In the first phase of the programme, a Personalised Dietary Prescription (PDP) is calculated based on gender, weight and level of physical activity. The PDP is a 600 calorie deficit eating plan based on The Eatwell Plate. The Eatwell Plate outlines a healthy, nutritionally balanced diet that allows personal food choices and is not overly restrictive.



The target weight loss in Phase 1 is 5-10kg (11.5lbs to 1.5stone). This means a steady weight loss of 0.5-1kg (1-2lbs) a week.

The benefits of 5-10kg weights have been shown to include:
  • Reduced Cholesterol
  • Reduced Blood Pressure
  • Reduced Blood Sugar Levels in those with Diabetes
  • Improved Mobility
  • Reduces the Risk of Type 2 Diabetes, Heart Attack, Angina, Stroke, Some Cancers
  • Increased Fertility (contact The Sandyford Initiative for more information)

The programme is delivered in a group setting. This encourages discussion and sharing of ideas. Many patients find the groups supportive, informative and enjoyable.
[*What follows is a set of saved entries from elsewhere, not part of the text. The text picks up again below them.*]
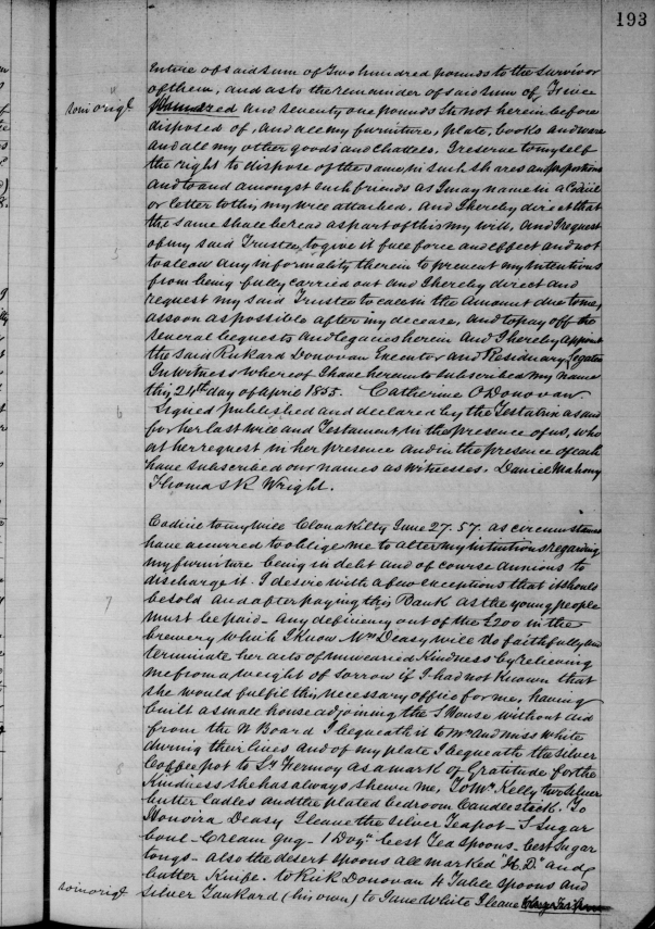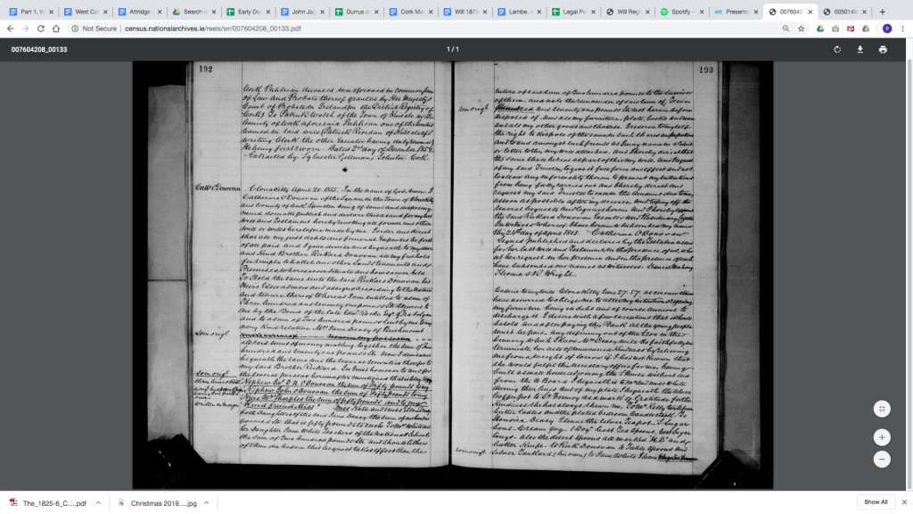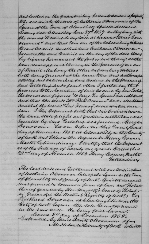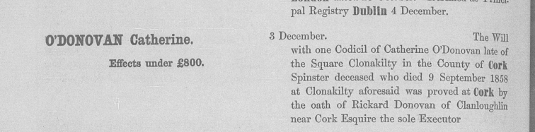 Richard/Rickard Donovan (1799-1883), Lisheens, Ballincollig, listed 1838, Clerk of the Crown (State Solicitor)  for Co. Cork from 1838, son of Dr. Donovan and Ann Deasy daughter of Timothy Deasy first Catholic J.P. since the Treaty of Limerick.   Brother Alexander Judge in Jamaica in 1842. Grand son of Alexander O’Donovan of Squince, in the Parish of Myross was the Head of Clann Lochlain, second in seniority to Clann Cathail.  Clonakilty.  1870, listed Mount Desert, 15 acres. Probate to Denis McCarthy Gallivey (should be Galwey), Greenfield, Clonakilty, £10,164.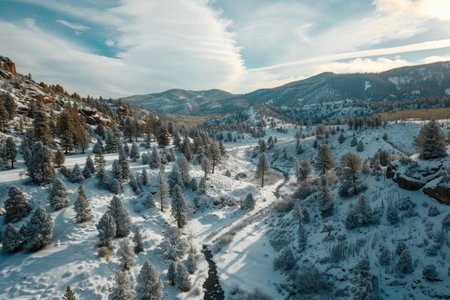 AI Generated. Drone shot of a snowy valley over spruce trees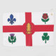 The flag of Montreal prominently displays a bold red cross dividing a white field into four quarters, each adorned with a floral emblem representing the city’s founding communities: the fleur-de-lis for the French, the rose for the English, the thistle for the Scots, and the shamrock for the Irish. At the center sits a vivid red maple leaf symbolizing Canadian unity and multicultural pride. This meaningful design adds a unique and eye-catching flair to the towel, making it a standout addition to your golf gear.
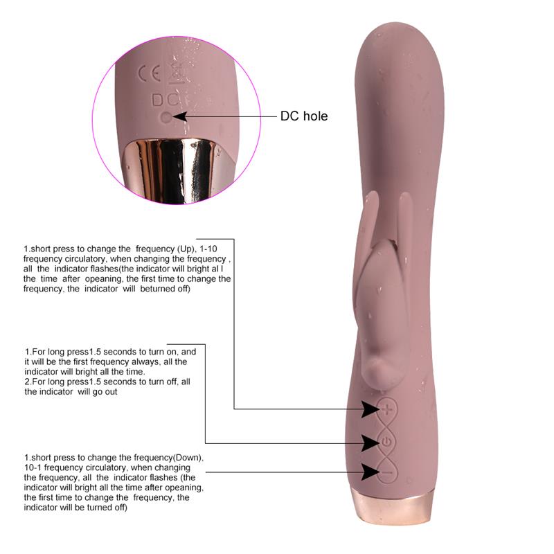 Prije i poslije upotrebe isperite vibrator vodom i blagim sapunom ili isperite vodom i dezinficirajte sredstvom za čišćenje igračaka za odrasle. Kako biste pokrenuli uređaj, držite tipku za paljenje 2-3 sekunde. Punjenje uređaja- Potpuno punjenje traje 100 min. Dok se uređaj puni, svijetlo za indikaciju će treperiti, nakon što je uređaj potpuno napunjen, svijetlo za indikaciju gori neprekidno. Na donjoj strani uređaja nalazi se utor za punjenje prekriven silikonom (mala udubina s oznakom DC). Lagano umetnite punjač preko sloja silikona, te zatim drugi kraj punjača umetnite u USB utor (računalo, adapter za punjenje). Punjač je potrebno umetnuti do kraja u utor za punjenje na vibratoru kako bi se punjenje odvijalo ispravno.

Dietary topics covered in the Phase 1 include:
  • The Eatwell Plate (The Balance of Good Health)
  • Energy Equation
  • Meal Patterns
  • Keeping a Food Diary
  • Portion control
  • Increasing fruit and vegetable consumption
  • Cooking, Eating Out and Takeaways
  • Dietary Myths and Fad Diets
  • Practical Tips and Recipes
  • Shopping and Food Labelling
  • Alcohol consumption
Patients are weighed privately at each session; patient confidentiality is strictly observed.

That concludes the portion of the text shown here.